#### LISTED RECORDS

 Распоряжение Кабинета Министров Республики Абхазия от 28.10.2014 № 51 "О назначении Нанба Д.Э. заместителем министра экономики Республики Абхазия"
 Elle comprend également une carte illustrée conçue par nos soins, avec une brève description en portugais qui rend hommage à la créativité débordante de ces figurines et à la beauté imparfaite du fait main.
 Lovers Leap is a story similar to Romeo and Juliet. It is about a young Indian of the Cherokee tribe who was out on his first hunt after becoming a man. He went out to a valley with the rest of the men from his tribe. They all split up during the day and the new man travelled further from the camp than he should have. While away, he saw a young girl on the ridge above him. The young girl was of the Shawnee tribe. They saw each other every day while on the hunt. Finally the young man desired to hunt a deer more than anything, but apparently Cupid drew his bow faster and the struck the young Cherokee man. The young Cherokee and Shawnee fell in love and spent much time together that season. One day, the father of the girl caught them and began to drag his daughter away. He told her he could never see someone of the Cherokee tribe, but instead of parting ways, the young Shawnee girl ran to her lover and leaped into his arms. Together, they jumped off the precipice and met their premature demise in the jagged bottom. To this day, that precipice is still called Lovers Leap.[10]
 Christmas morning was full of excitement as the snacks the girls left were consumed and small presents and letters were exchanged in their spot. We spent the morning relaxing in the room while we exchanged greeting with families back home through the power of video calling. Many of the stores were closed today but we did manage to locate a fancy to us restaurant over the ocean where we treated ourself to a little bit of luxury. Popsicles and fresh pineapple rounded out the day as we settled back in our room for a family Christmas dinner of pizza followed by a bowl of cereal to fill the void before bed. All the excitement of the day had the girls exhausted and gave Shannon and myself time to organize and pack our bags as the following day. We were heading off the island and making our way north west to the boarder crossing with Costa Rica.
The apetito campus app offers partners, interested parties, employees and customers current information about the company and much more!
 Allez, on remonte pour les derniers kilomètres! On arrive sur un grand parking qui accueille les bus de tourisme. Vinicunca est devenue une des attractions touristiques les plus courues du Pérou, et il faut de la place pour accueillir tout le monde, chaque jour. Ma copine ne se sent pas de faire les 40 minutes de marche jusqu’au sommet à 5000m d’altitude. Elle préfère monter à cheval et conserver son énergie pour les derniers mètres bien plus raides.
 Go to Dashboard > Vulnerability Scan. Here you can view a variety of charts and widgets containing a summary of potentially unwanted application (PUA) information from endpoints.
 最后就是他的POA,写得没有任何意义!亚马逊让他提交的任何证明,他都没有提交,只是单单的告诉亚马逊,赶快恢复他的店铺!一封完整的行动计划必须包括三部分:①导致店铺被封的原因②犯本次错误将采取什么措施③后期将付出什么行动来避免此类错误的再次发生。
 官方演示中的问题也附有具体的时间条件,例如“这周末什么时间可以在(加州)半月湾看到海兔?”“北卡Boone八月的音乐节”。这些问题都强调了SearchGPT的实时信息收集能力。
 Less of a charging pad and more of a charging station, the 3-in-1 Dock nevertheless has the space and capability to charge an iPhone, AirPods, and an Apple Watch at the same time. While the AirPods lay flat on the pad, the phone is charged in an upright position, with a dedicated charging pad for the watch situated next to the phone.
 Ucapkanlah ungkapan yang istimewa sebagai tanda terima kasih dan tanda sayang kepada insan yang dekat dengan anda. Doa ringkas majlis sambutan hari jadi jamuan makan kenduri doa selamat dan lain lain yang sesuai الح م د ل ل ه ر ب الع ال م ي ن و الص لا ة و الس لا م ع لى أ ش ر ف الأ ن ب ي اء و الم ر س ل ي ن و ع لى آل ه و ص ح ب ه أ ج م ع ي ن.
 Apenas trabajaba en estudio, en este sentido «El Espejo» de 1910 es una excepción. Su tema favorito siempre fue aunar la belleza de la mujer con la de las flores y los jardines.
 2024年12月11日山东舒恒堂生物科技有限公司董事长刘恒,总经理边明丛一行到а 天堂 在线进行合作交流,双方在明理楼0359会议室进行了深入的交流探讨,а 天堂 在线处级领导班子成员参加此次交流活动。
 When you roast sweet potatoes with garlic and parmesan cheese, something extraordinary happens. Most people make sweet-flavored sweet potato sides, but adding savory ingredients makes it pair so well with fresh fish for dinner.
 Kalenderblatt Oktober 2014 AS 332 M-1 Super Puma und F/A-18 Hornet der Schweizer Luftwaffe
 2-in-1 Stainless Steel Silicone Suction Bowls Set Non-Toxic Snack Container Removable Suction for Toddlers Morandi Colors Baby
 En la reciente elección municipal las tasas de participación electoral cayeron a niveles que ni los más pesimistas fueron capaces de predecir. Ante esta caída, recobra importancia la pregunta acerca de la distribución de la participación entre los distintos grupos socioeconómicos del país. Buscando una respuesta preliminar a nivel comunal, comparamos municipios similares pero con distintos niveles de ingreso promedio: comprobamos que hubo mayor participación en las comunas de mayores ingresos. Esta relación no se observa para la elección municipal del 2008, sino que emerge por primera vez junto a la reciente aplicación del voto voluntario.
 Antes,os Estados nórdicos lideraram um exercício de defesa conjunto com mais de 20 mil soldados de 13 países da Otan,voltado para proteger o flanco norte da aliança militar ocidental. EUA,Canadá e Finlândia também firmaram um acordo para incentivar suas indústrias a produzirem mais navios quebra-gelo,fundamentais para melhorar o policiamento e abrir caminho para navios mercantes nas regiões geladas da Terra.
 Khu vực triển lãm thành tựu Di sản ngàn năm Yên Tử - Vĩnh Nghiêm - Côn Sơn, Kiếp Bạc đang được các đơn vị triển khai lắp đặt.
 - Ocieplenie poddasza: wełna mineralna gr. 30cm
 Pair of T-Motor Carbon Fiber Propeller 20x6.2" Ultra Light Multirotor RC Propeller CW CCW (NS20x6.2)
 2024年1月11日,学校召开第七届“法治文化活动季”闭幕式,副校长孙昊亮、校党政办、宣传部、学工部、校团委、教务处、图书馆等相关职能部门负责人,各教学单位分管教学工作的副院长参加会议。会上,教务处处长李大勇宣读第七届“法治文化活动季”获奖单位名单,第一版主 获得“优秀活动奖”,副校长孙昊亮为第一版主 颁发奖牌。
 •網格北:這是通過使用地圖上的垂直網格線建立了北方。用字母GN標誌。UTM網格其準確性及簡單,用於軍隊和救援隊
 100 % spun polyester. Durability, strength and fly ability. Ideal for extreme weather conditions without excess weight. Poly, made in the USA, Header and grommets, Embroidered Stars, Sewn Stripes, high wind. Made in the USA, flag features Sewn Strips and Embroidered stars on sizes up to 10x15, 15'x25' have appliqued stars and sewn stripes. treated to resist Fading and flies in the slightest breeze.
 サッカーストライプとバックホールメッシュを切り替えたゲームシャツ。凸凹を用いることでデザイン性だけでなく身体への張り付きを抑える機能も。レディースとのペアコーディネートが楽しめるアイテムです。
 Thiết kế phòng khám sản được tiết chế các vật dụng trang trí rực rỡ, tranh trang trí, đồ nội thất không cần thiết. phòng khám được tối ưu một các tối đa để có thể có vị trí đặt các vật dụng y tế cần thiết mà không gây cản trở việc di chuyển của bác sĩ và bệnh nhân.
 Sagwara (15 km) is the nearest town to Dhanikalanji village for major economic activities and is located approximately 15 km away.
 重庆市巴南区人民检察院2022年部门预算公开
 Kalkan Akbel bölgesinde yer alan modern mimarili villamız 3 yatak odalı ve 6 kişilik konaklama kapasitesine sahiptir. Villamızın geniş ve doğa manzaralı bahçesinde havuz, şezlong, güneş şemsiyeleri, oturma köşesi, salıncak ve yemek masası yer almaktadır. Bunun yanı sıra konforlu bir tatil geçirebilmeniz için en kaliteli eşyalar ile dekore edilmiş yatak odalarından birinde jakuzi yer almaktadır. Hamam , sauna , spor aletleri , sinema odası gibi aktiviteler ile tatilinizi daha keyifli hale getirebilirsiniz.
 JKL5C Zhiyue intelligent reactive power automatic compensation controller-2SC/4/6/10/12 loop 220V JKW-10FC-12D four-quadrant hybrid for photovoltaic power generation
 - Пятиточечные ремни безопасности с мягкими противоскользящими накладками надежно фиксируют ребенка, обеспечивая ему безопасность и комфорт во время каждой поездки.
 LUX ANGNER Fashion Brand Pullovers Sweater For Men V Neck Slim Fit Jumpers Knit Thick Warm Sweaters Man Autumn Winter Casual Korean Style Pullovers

########

YOUR ASSIGNMENT: There is a run of lines above from the one with "Kalenderblatt Oktober 2014" to the one with "2-in-1 Stainless Steel"; print exactly that run, both ends included, and nothing else.

ANSWER BOX:
 Kalenderblatt Oktober 2014 AS 332 M-1 Super Puma und F/A-18 Hornet der Schweizer Luftwaffe
 2-in-1 Stainless Steel Silicone Suction Bowls Set Non-Toxic Snack Container Removable Suction for Toddlers Morandi Colors Baby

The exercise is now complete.